Brian McKeown is the vice-chair of Optometry Northern Ireland and has three practices in Northern Ireland.
He treated Mr Stevenson and said his experience was becoming more common.
"Back in 2019 our stats for referring patients privately for cataract surgery was about 10-20% of the patients we see and now that's completely flipped," he said.
"In 2022 it was about 60-70% of patients we chat to who have cataracts and then are thinking - 'can I wait for NHS surgery or do I need to try and find some money and try and go privately?'"
Dr Mason said Northern Ireland was already in a two-tier health system.
"We are seeing more and more patients choosing to go down the route of private healthcare perhaps financially detrimentally to themselves - they are getting into debt which will have a knock-on effect further down the line," she said.

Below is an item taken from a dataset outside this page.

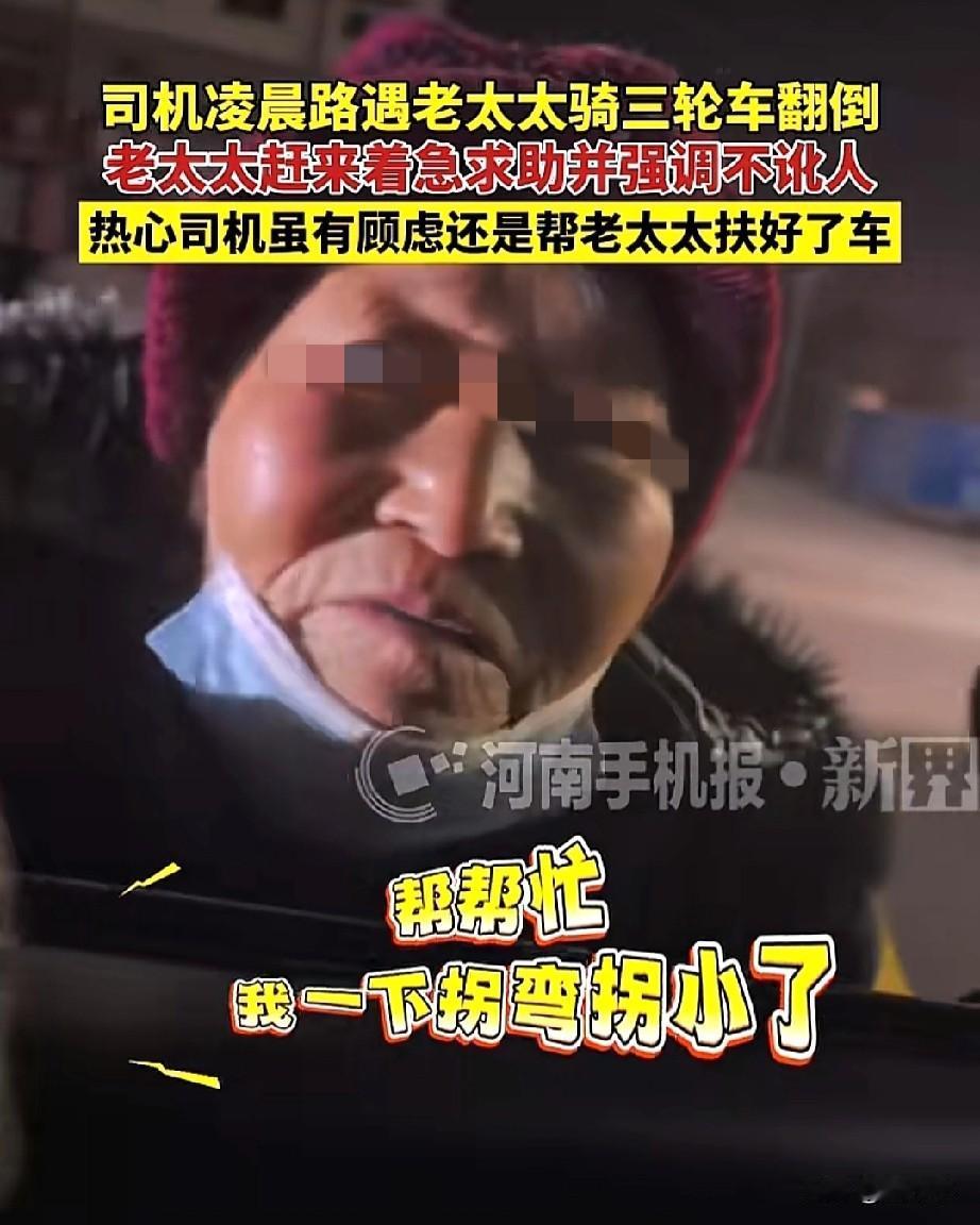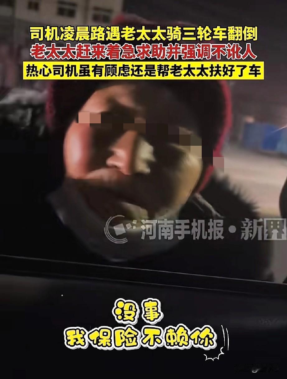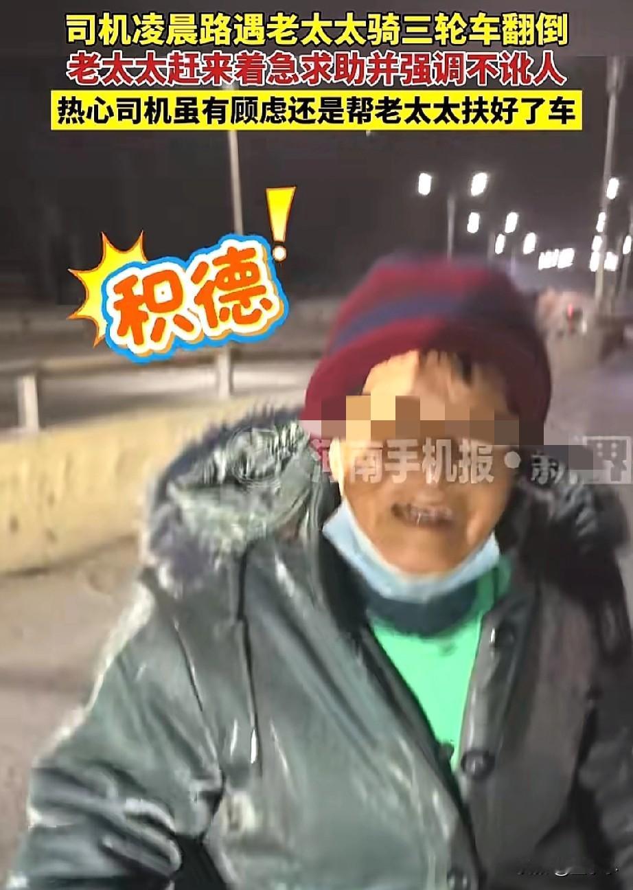 以前做坏事 心惊胆战…… 现在做好事 心惊胆战…… 山东德州,张先生凌晨5点时,遇到了一位老奶求助,原来,老奶奶骑着三轮车在拐弯的时候,拐小了导致了车子翻了,这个时候张先生正好经过这里。 对于,张先生的到来,这让老奶奶看到了曙光,连忙奔跑过去向张先生求助,希望能帮帮自己把三轮车扶起来。 张先生很怕自己会被赖上,并没有立马就答应下来,老奶奶也知道张先生的顾虑,一直向张先生保证,不会赖着你的。 也是因为老奶奶的这句话,张先生直接下车去帮忙,车子还没有扶起来,老奶奶就要拿着点吃的给张先生。 张先生一边和老奶奶说话,也一边用手机记录下来,毕竟防人之心不可无,不怕一万,就怕万一,好在车子扶起来后,老奶奶千谢万谢说道,做好事,积德! 说实话,不是我们没有热心肠,也不是我们不想做好事,只是我们真的害怕了。 不能让好人心寒,也希望这个视频能传到各省,这才是这个社会该有的样子。

Mark Regan said many people could no longer afford to wait: "Your health is a one off, you have one opportunity and therefore people are finding other ways. They may not be buying new furniture, or changing their car or going on a foreign holiday.
"This is a choice people are making as they can't get access in other routes."
Everything changes and nothing stands still - so said the Greek philosopher Heraclitus.
Fast forward two millennia and his thinking can be applied to many things including the health service.
Seventy five years old this July, the NHS is painfully realising that it too is changing and having to provide an awful lot more than what it set out to do in 1948.
Back then it dealt mostly with infectious diseases and the effects of malnutrition.
Today it is knee and hip replacements, innovative brain and cancer surgery and, thankfully, keeping an increasingly older generation in better health.
The fact is a two tier health system already exists with the poorest losing out.
In fact, people are now having to wait within the private sector too.
Might a three tier system emerge?
In one independent hospital, waiting lists for gynaecological surgery have crept into August.
Consultant surgeon Mark Taylor said, considering the waiting lists, there was room for both sectors.
The challenge, he said, was having the two working in tandem to make healthcare accessible to all.
The Department of Health (DOH) said it wanted a health service that provides timely care to everyone who needs it when they need it.
A spokesperson added: "We are clearly a considerable distance from this goal, the route to get there has been clearly mapped out.
"It will require sustained action to increase hospital capacity through both investment and reconfiguration of services.
"Reconfiguration is underway with the establishment of Day Procedure Units and Overnight Stay Centres."
The DOH also said "significant funds have been used to secure additional capacity from the independent sector".
It said in the first nine months of 2022/23, a total of 91,668 assessments, diagnostic tests and treatments were purchased from the independent sector by the HSC system.
Nigel Edwards is the chief executive of the independent health think tank, the Nuffield Trust.
He described the general trend of people turning to the private sector because they felt they had no alternative as "quite worrying".
"The whole premise of the NHS is that we all pay in and then we all get benefits that we need and if people feel they're paying in but they're not getting things back then it obviously undermines the whole concept," he said.
"I don't think that's reached that stage yet - but it's something to watch out for."
He also expressed concern about health inequality.
"A combination of the impact of Covid, which will have affected the disadvantaged more, long waits for surgery which will affect people's ability to care for relatives or be employed and the opportunity for people to opt out of some of that and go private undoubtedly makes inequalities worse," he said.
Budget settlements for the coming years will inevitably have a bearing on the scale of future independent sector use by the health service.